James Turley (‘Fighting Stalinism politically’, May 5), criticises Paul B Smith for wanting to go back to Capital. Apparently, Marx studied a lot and wrote many things, but everything boils down “to a single proposition: the working class needs to organise itself collectively to politically expropriate the bourgeoisie”.

Why the disdain for studying Capital, when it is generally acknowledged among Marxists of all shades that it provides a scientific basis for understanding the capitalist mode of production and the possibility for socialism to emerge based on real material processes rather than a utopia spun from someone’s imagination?
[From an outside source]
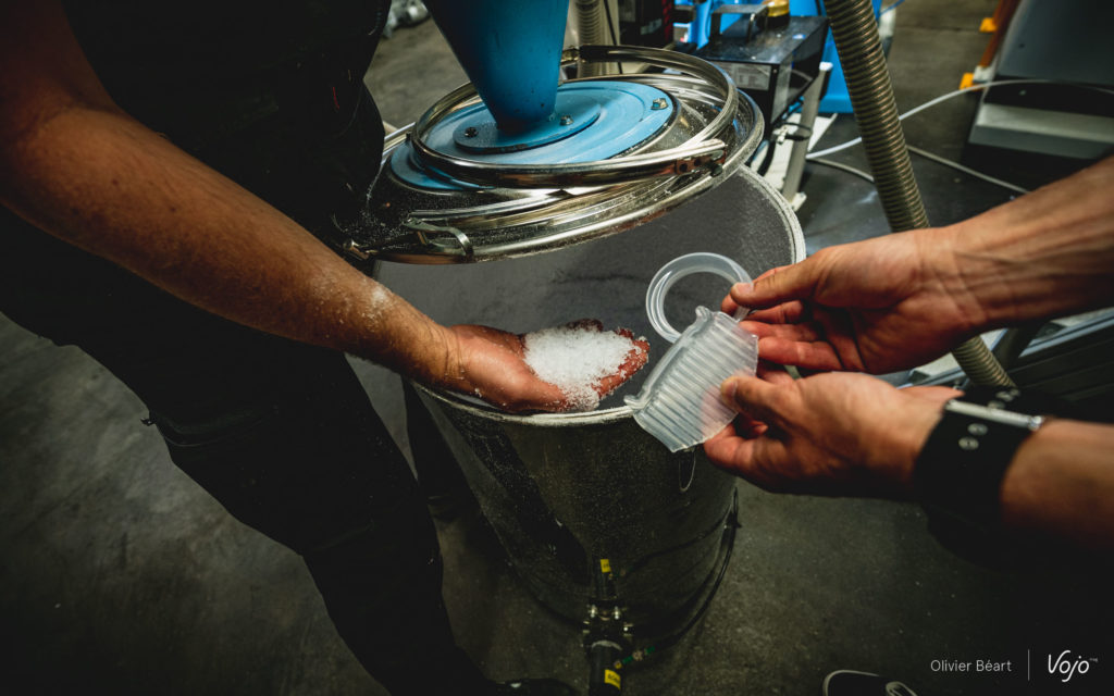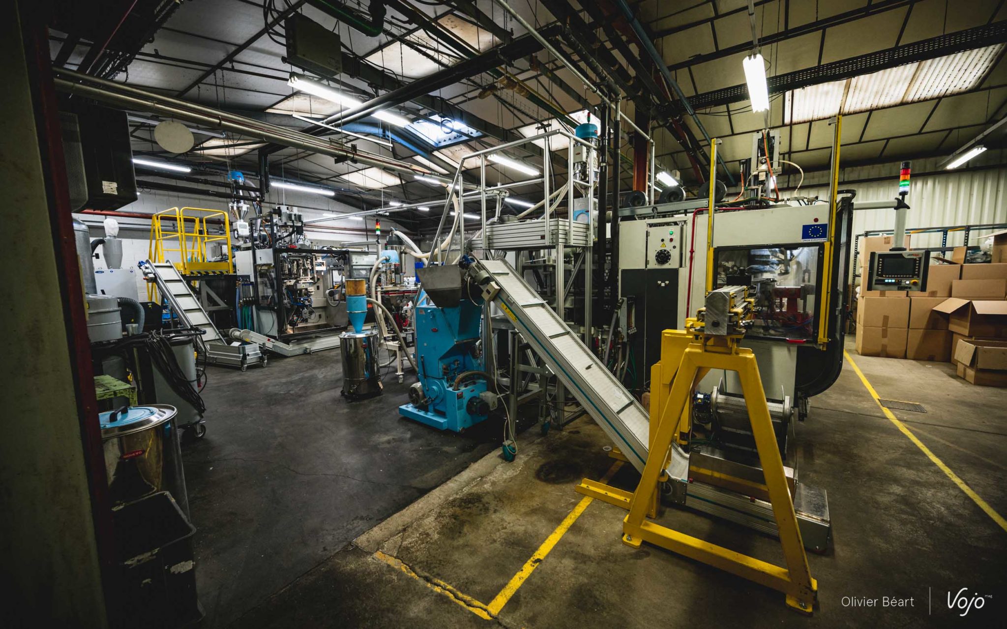 Une des grandes fiertés de l’entreprise est de pouvoir recycler immédiatement ses déchets dans la chaîne de production. Ainsi, les excès de matière sont directement réinjectés selon un pourcentage précis en même temps que la matière première dans la machine.

Marx’s work forms an integral whole, a doctrine of human liberation. Comrade Turley thinks Marx had less to say about philosophy in the later years. I suggest that dialectics are demonstrated in Capital. He thinks it does not matter much whose interpretation of dialectical materialism is used, so I am tempted to ask if it would have mattered much to him if Marx had muddled up dialectics and never explained surplus value. After all, it could be said that the revolutionary potential of the working class holds good, regardless of what Marx wrote in Capital. It seems he is mainly interested in the political conclusion, not the reasoning behind it. Hence the name-dropping ramble through the groves of academe.

Turley goes on to tell us that Stalinism was not all bad and should not be rejected in toto. However, the nearest we get to hearing about the good bits is to be told that Stalinism did not succeed in killing off Marxism entirely. Could not the same be said of the Nazi movement? In fact, the Stalinist bureaucracy could not finish the job and kept printing the books, despite killing most of the actual Marxists, because it rested on the Russian Revolution and needed the legitimacy of the Bolshevik tradition. This did not prevent the bastardisation of Marxism in the shape of Soviet ideology and of the whole trajectory of Stalinist movements around the world.

He acknowledges the many crimes and betrayals committed by Stalinism. He could hardly deny them, but spreads the blame a bit by accusing Trotskyists of popular frontism and other sins. This is true only to the extent that Trotskyists (and mainly ex-Trotskyists at that) adapted to the dominance of Stalinism over the workers’ movement in the post-war period.

If the CPGB wishes to present itself as a revolutionary Marxist tendency, it should drop the nonsense about being in a line of descent from the party that died politically in the 1920s.